4G/LTE - Usim  

 

 

 

UICC/USIM

USIM (Universal Subscriber Identity Module) and UICC (Universal Integrated Circuit Card) are components of modern mobile networks that store user identity, authentication, and network access information:

  • UICC: A smart card that serves as a platform for various applications like USIM, enabling secure storage and communication between the device and the network. It can support multiple applications, such as USIM for 3G/4G/5G, ISIM for IMS services, and more.
  • USIM: A specific application on the UICC card, designed for 3G and later networks. It manages user authentication, stores network configurations, and facilitates secure communication with the cellular network, offering enhanced security and features over older SIM cards.

Followings are the topics that I am interested and noted here

What is inside ?

A UICC (Universal Integrated Circuit Card) is a smart card that integrates various hardware and software components to manage secure communication between a mobile device and a cellular network.
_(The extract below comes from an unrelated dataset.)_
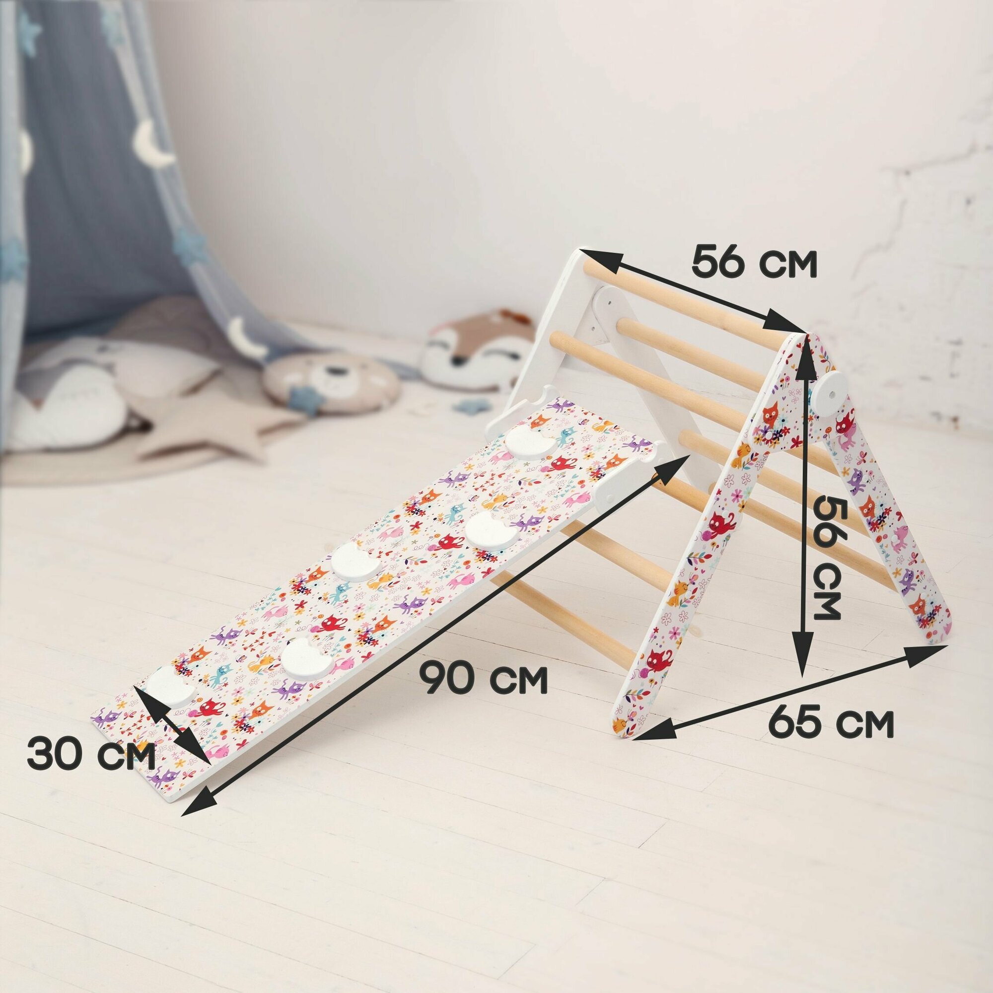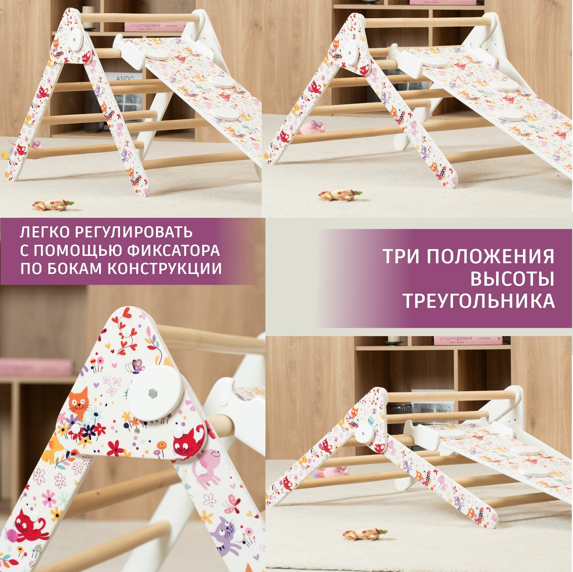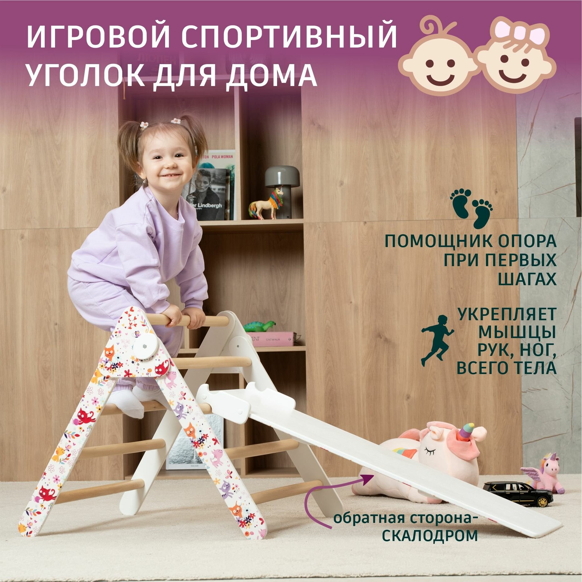 Треугольник Пиклер с горкой+скалодром "Пиклер LAB" с покрытием белый "Ромашки", детский спортивный развивающий комплекс для дома, игровой уголок для детей

Here’s a breakdown of its key components:

Microcontroller (MCU):

The heart of the UICC, typically an embedded microcontroller with limited processing power. It handles data processing, secure key management, and execution of applications like USIM.

Memory:

  • ROM (Read-Only Memory): Stores firmware and operating system.
  • EEPROM (Electrically Erasable Programmable Read-Only Memory): Stores user data, network information, encryption keys, and other dynamic data.
  • RAM (Random Access Memory): Provides working memory for processing tasks during operation.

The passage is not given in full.